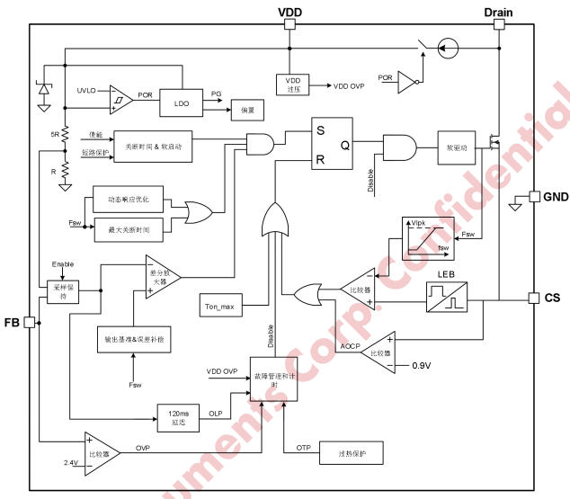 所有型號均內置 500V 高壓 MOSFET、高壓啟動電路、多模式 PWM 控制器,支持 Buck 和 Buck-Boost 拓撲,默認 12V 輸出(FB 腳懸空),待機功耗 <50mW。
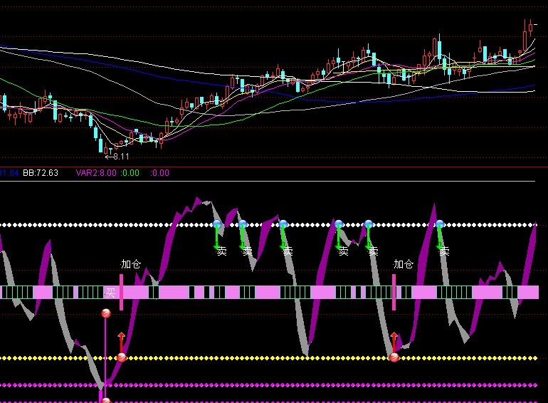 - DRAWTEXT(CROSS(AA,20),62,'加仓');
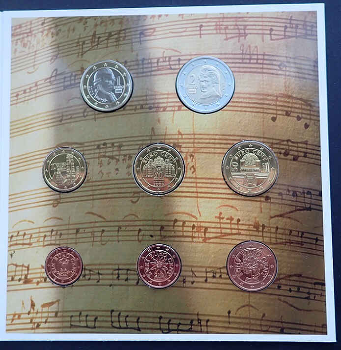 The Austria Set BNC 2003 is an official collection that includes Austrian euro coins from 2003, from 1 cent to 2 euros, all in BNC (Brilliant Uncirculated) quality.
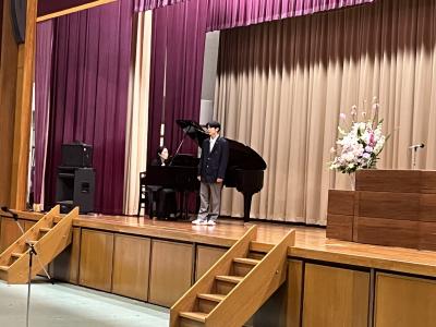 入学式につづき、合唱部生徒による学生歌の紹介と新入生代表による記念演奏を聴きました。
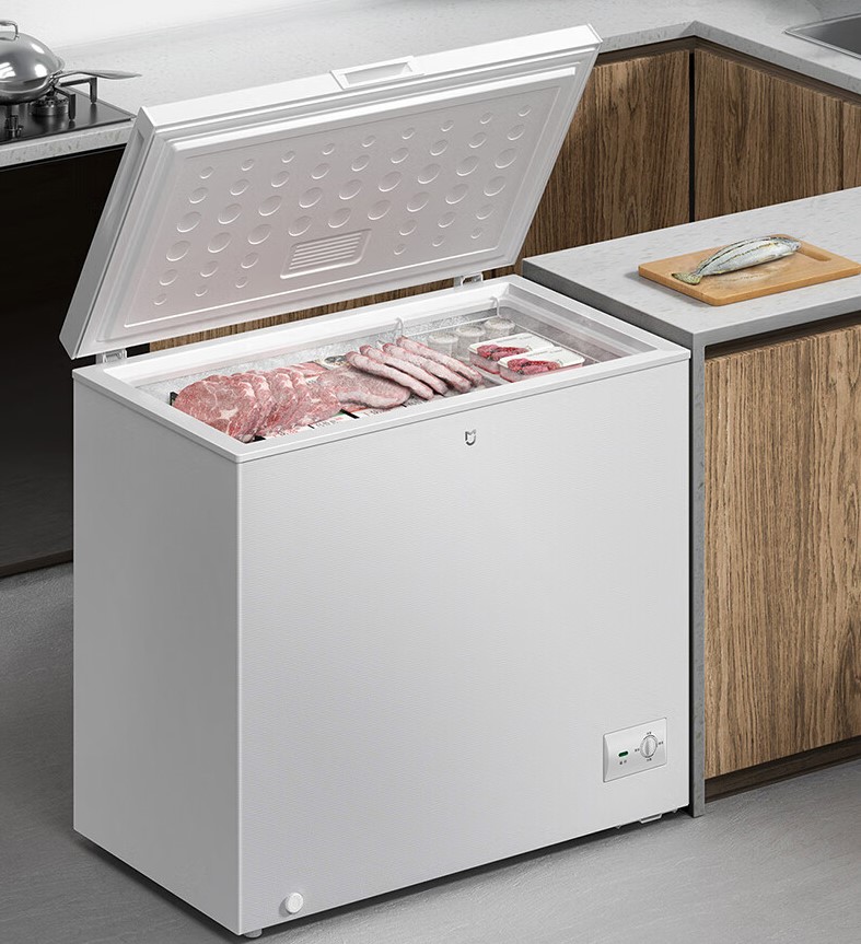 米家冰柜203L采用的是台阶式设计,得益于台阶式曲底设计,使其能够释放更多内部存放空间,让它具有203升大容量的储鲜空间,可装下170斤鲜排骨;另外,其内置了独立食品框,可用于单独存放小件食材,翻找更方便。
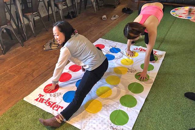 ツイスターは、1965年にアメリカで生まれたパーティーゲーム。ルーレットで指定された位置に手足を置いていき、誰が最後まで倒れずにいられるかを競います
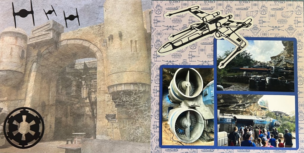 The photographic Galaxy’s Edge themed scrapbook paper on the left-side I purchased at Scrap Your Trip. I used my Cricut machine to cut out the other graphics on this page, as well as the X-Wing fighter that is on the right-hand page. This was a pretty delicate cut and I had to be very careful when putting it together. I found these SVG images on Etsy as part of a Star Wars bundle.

WHAT TO WORK ON: Begin with the line containing "The Austria Set", stop at the last line of the records above, and copy every line in between exactly, both ends included, with no pictures.

SOLUTION TO THE PROBLEM:
 The Austria Set BNC 2003 is an official collection that includes Austrian euro coins from 2003, from 1 cent to 2 euros, all in BNC (Brilliant Uncirculated) quality.
 入学式につづき、合唱部生徒による学生歌の紹介と新入生代表による記念演奏を聴きました。
 米家冰柜203L采用的是台阶式设计,得益于台阶式曲底设计,使其能够释放更多内部存放空间,让它具有203升大容量的储鲜空间,可装下170斤鲜排骨;另外,其内置了独立食品框,可用于单独存放小件食材,翻找更方便。
 ツイスターは、1965年にアメリカで生まれたパーティーゲーム。ルーレットで指定された位置に手足を置いていき、誰が最後まで倒れずにいられるかを競います
 The photographic Galaxy’s Edge themed scrapbook paper on the left-side I purchased at Scrap Your Trip. I used my Cricut machine to cut out the other graphics on this page, as well as the X-Wing fighter that is on the right-hand page. This was a pretty delicate cut and I had to be very careful when putting it together. I found these SVG images on Etsy as part of a Star Wars bundle.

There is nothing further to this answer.